This Ultimate Crack White Chicken Chili is sure to warm up your dinner table any night of the week! With its spicy kick and tangy creaminess, it will leave you wanting seconds (and thirds!). Check out this easy-to-follow recipe for the ultimate crack chili experience – you won’t be disappointed!
I think my favorite thing about this Cream Cheese Chicken Chili recipe is how creamy it is. White chicken chili is just like any other chili recipe, except that instead of a tomato base, you make a white base that starts with a roux.
Even though a nice pot of hot chili is good anytime of the year, I think during the Fall and Winter, a piping hot bowl of chili always hits the spot. The only problem with enjoying soup is that it easily can become mundane.
That’s why I love to experiment with different recipes. If you are craving an unique bowl of hearty chili, then our Kielbasa Chili is a must try! There is a secret ingredient included in the ingredients that might surprise you! If you love a milder White Chili, then this easy chili recipe may be what you are craving!
If you are looking for a rich and hearty soup that is full of beer, bacon, beef, and beans, then our Bacon, Beef, and Beer Chili recipe is one to check out! And last but certainly worth trying is our Firehouse Chili. This chili recipe has a definite unique spin to it. It was inspired by a recipe in a Taste of Home cookbook I have. This is a very filing recipe and it makes a large batch of chili that would be great to freeze so you have it on hand.
- Chicken – you can use boiled, canned, frozen, or rotisserie.
- Ranch dressing (dry) – this is what really adds extra flavor to this chili.
- With this recipe you can adjust the seasonings as you need to. If you prefer to give it more of a tex-mex taste, you can squeeze in some fresh lime juice and top with jalapenos.
🍲How Do I Make This in a Slow Cooker?
You can use the same recipe as below. However, I would wait to add the cheese until the end of the cooking time. I would also make a slurry out of cornstarch and water and add to the recipe in lieu of the flour and butter.
💭 Top Tips
- To make it thicker, add a thickening agent such as a roux or slurry.

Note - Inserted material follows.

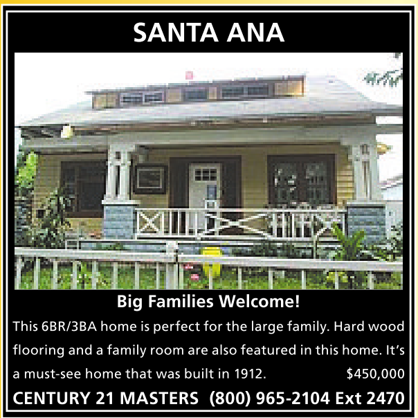 This 6BR/3BA home isperfect for the large family. Hard wood flooring and afamily room are also featured in this home. It’s amust-see home that was built in1912. $450,000 CENTURY 21 MASTERS (800) 965-2104 Ext 2470

- Pick up a rotisserie chicken at the store to make this meal come together even quicker.
What is White Chili Made Of?
Instead of using the traditional red kidney beans, White chili is made with chicken, white beans, and green chilies.
🥗What Do You Eat with This?
We normally use tortilla strips or chips, sour cream, and jalapenos.
Why is This Called Crack Chicken?
Quite simply because you can’t stop eating it once you start. And when you consider all of the additional ingredients of bacon, ranch, and cheese, while then you’ll see why this recipe is not only a keeper but one you’ll have to make a double batch of!
- Prepare the chicken.
- Make the roux.
- Add in the heavy whipping cream and chicken broth and stir until the mixture comes to a boil.
- Add in the remaining ingredients.
- Bring the chili to a boil and let the flavors combine.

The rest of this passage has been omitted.